While Lozman’s solutions were conceived for professionals who could digest complex data, online firms that catered to individual investors—people who trade for themselves as an avocation—still based their designs on the old paper “tickets” used to buy and sell stocks on the floor of the New York Stock Exchange. Users would have to know the ticker symbol for each option—say, the July option to buy Dell Computer stock at $35 a share—before they could place a trade. Professionals commit hundreds of these symbols to memory, but amateurs often have to flip back and forth between screens to find the right code. Szeto simply did away with the need to insert a ticker symbol; instead, clients click on the July $35 Dell call option, and the OptionsHouse system converts it automatically into trader lingo.

Szeto isn’t entirely satisfied with the project, however. He’s already refining the site to offer an interactive menu that will walk newer traders through the process one step at a time. “We’ll start with questions like, ‘What is your goal?—Do you want to lock in the price of your stock, or protect your portfolio?’ then move on to ask if they want to buy or sell, and end up presenting them with
a couple of trading ideas—all in just two screens.” Meanwhile, the Peak6 professional traders are demanding more of Szeto’s time to make their own data easier to manage.
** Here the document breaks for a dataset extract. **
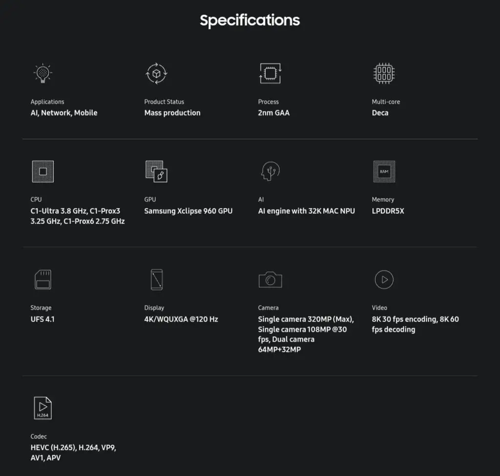 | Fertigungsverfahren | 2nm GAA (Gate-All-Around) – Samsung Foundry (SF2) |

It’s too early too tell how OptionsHouse will fare in the battle against giants like Schwab or specialist competitors like OptionsXpress. The company, which is privately held, declined to disclose the number of customers who have signed up for the trading service since its launch in January. As options trading continues to boom and stock markets become more volatile, however, more traders are likely to turn to the new system to execute their orders. “One thing is already clear: People who try the system are sticking with it,” says Hass. “Our retention rate is higher than we had hoped for, and we believe that will spill over into word-of-mouth recommendations—many of which will be due to the way that this ‘look’ is something created and designed from scratch to meet this market’s needs.”

Based in New York, Suzanne McGee writes about business, finance, philanthropy, and the art market.